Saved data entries
=-=-=-=-=
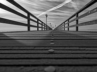 Houten pier bij Scharbeutz, Duitsland in de Oostzee, diep camerastandpunt met centraal perspectief
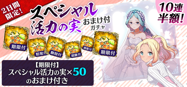 【2日間限定&10連半額!】スペシャル活力の実おまけ付ガチャ
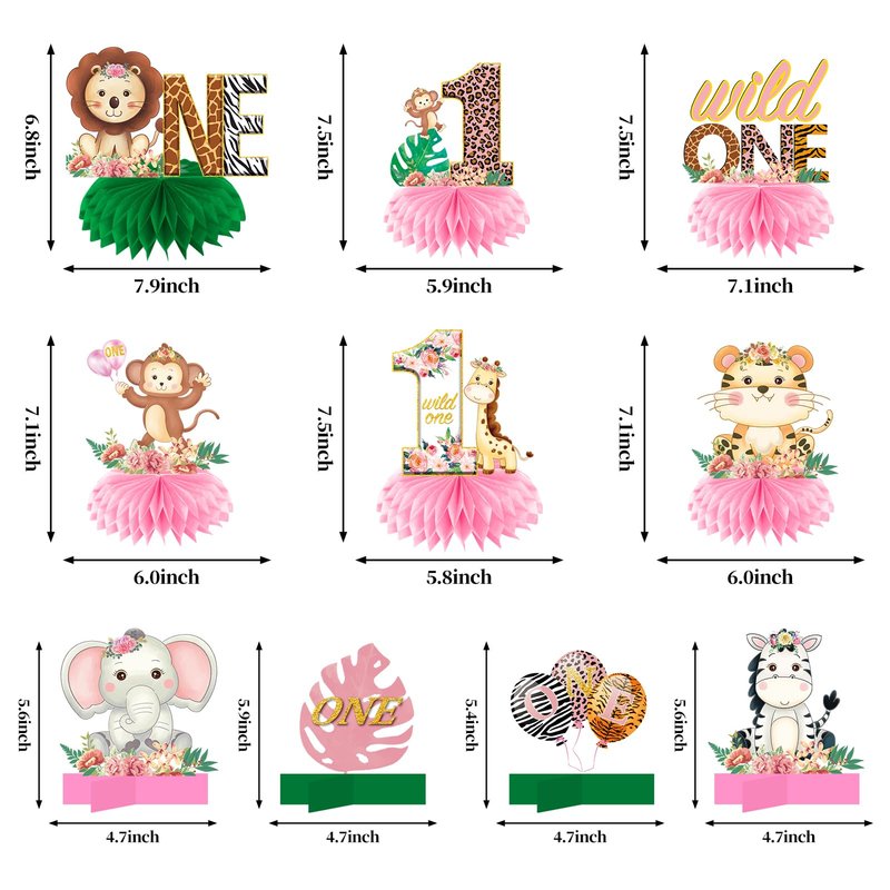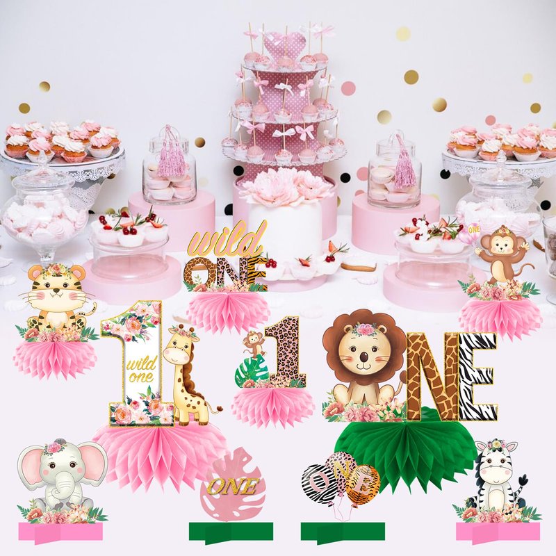 - [Safari Jungle 1st Birthday] - This pink safari jungle animal theme first birthday honeycomb centerpieces decorations integrates various cute animal elements and palm leaves into the 1st birthday party event. These fun pattern designs will make your jungle one year old birthday party more warm and happy.
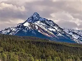 The Blackhorn name was submitted for consideration in April 1933 by Henry Snow Hall (1895–1987), Harvard Mountaineering Club, following his 1932 ascent.[8] Hall wrote: "I have suggested the names Whitesaddle and Blackhorn for the two peaks which are prominently visible down the Homathko valley from the automobile road passing Tatla Lake. The names seem appropriate for this cattle ranching country because of the appearance of the peaks themselves. The right hand peak of the two, a dark rock dome, has a white glacier flowing from the summit down the face of the peak toward the observer which reminded me at once of a white saddle. The left hand peak, a sharper black rock summit might easily be imagined to look like a saddle horn or black horn." The landform's toponym was officially adopted January 9, 1934, by the Geographical Names Board of Canada.[5]
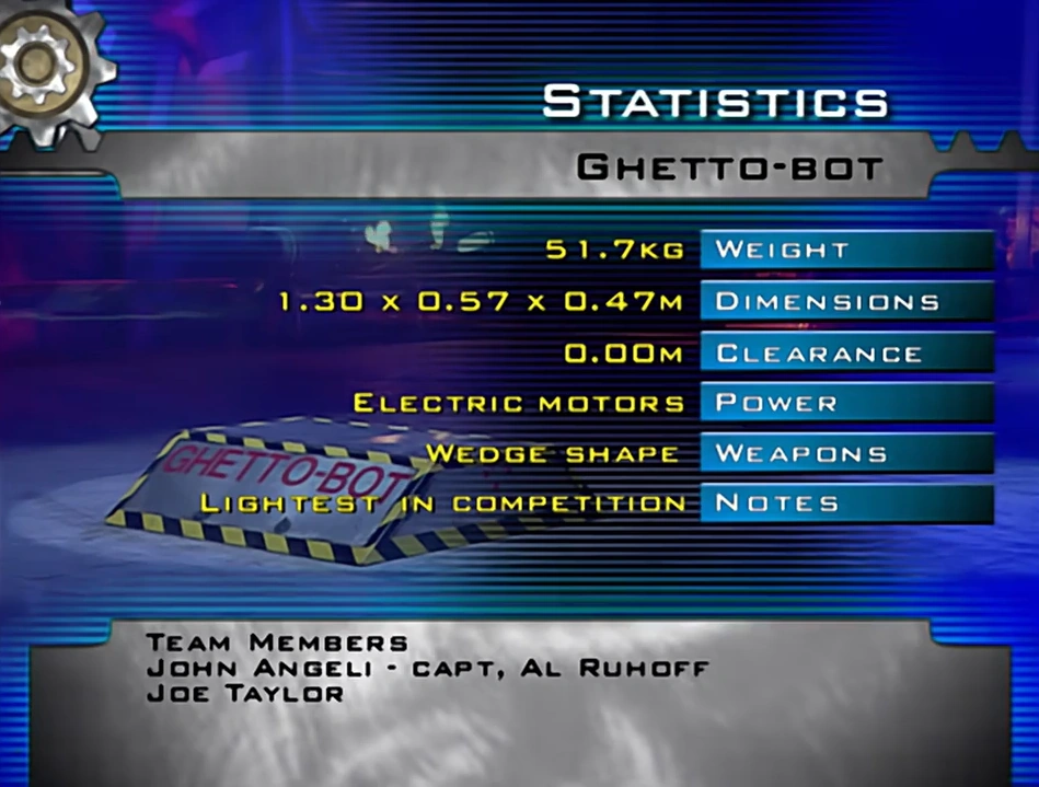 - At 51.7kg, Ghetto-bot was the lightest competitor in the Series 4 War of Independence; some 0.8kg lighter than Detonator's original weight in Series 1.
=-=-=-=-=
◆ **WHAT TO PRODUCE**: Print each record exactly as it stands, skipping the pictures.

◆ **ANSWER FOR THIS EXERCISE**:
 Houten pier bij Scharbeutz, Duitsland in de Oostzee, diep camerastandpunt met centraal perspectief
 【2日間限定&10連半額!】スペシャル活力の実おまけ付ガチャ
 - [Safari Jungle 1st Birthday] - This pink safari jungle animal theme first birthday honeycomb centerpieces decorations integrates various cute animal elements and palm leaves into the 1st birthday party event. These fun pattern designs will make your jungle one year old birthday party more warm and happy.
 The Blackhorn name was submitted for consideration in April 1933 by Henry Snow Hall (1895–1987), Harvard Mountaineering Club, following his 1932 ascent.[8] Hall wrote: "I have suggested the names Whitesaddle and Blackhorn for the two peaks which are prominently visible down the Homathko valley from the automobile road passing Tatla Lake. The names seem appropriate for this cattle ranching country because of the appearance of the peaks themselves. The right hand peak of the two, a dark rock dome, has a white glacier flowing from the summit down the face of the peak toward the observer which reminded me at once of a white saddle. The left hand peak, a sharper black rock summit might easily be imagined to look like a saddle horn or black horn." The landform's toponym was officially adopted January 9, 1934, by the Geographical Names Board of Canada.[5]
 - At 51.7kg, Ghetto-bot was the lightest competitor in the Series 4 War of Independence; some 0.8kg lighter than Detonator's original weight in Series 1.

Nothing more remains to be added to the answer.